Subseting is useful to reduce the size of a large dataset so that it is usable in another environment with less resources. For example, if you have a large 100gb database, you'll likely want to filter that down to be able to use it locally. Additionally, for teams spinning up databases in their CI pipelines, they often pay by the minute if the CI pipeline is hosted. As a result, teams are often looking for ways to scale down their dataset size so that it is usable in different environments. This is where subsetting comes into play.

Subsetting

Neosync can help teams subset their data by filtering it using a custom query or by taking a given percentage of the database size.
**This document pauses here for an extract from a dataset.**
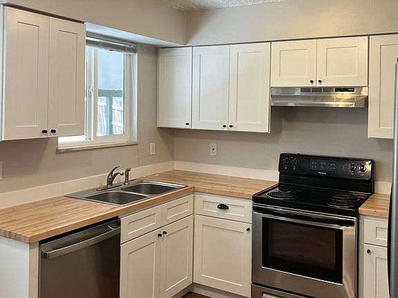 Great 4 bedroom home. Light and bright updated duplex rental in Golden close to everything. It has been updated top to bottom with solid surface flooring throughout, white kitchen cabinets, maple butcher block countertops, stainless steel appliances, bathroom vanities with granite tops and newer tub and tile surrounds. Nice sized windows let in lots of natural light. This rental has 4 good size bedrooms with larger closets and 2 full bathrooms that looks great. Plenty of living area with a large living space off the kitchen and on the lower level. Oversized one car garage with lots of room for tools, bikes, storage or whatever you need. Great front and back yards with mature trees. Back yard is fully fenced. Covered concrete patio in the back. Property is close to everything, easy access to I-70, 6th Ave and minutes away from Colorado Mills, Downtown Golden, and the School of Mines. Landlord pays water, tenant pays all other utilities. Owner pays Water, Tenant pays all other Utilities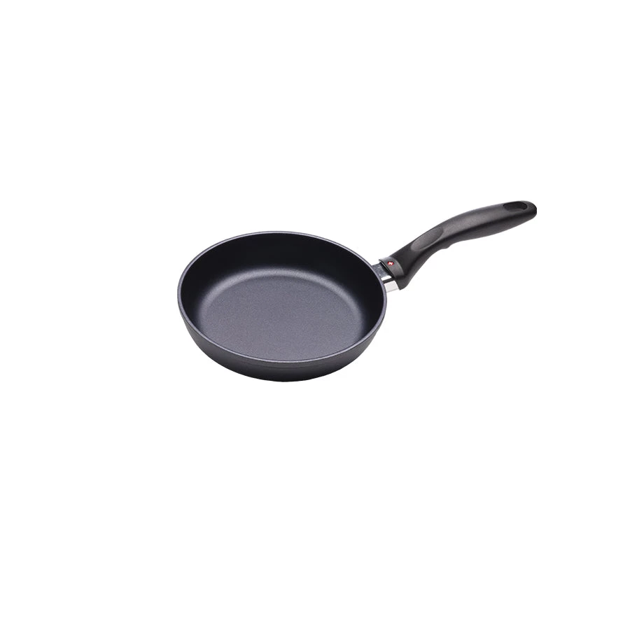 The Swiss Diamond 8 inch Fry Pan will transform your perspective on cooking. Designed with at-home cooks in mind, this one-of-a-kind skillet will provide you with an easy and healthy way to prepare your favorite recipes. The cast-aluminum body prevents hot spots and heats all contents quickly and evenly. Thousands of real diamond crystals are embedded in the coating to yield a long-lasting, naturally nonstick cooking surface that eliminates the need to use unhealthy oils. Clean-up is a breeze with warm, soapy water and a gentle sponge. Heat-tempered glass lid sold separately. For an induction-compatible version, please browse the Swiss Diamond induction collection. – 6420 – 4 – W31/SR

Once you've connected Neosync to your source database and configured your schema and mappings, you can then decide to subset that data further by selecting a source table to start with. Neosync will automatically ensure relational integrity in the data, making sure that the resulting dataset, post-subset, still has all of the foreign key constraints you had in the original data set. Once you've subsetted the data, Neosync will push the result set to your destination(s). Subsetting works on a per-destination basis so that it's easy to send a smaller result set to your CI database and then an even smaller subset to your local database of the same source data set.

Conclusion

Neosync has powerful subsetting features which allow you to create smaller subsets of your data while maintaining relational integrity. This is useful for local and CI testing where you don't want or need the entire dataaset but don't want to spend time querying, joining and filtering the data yourself.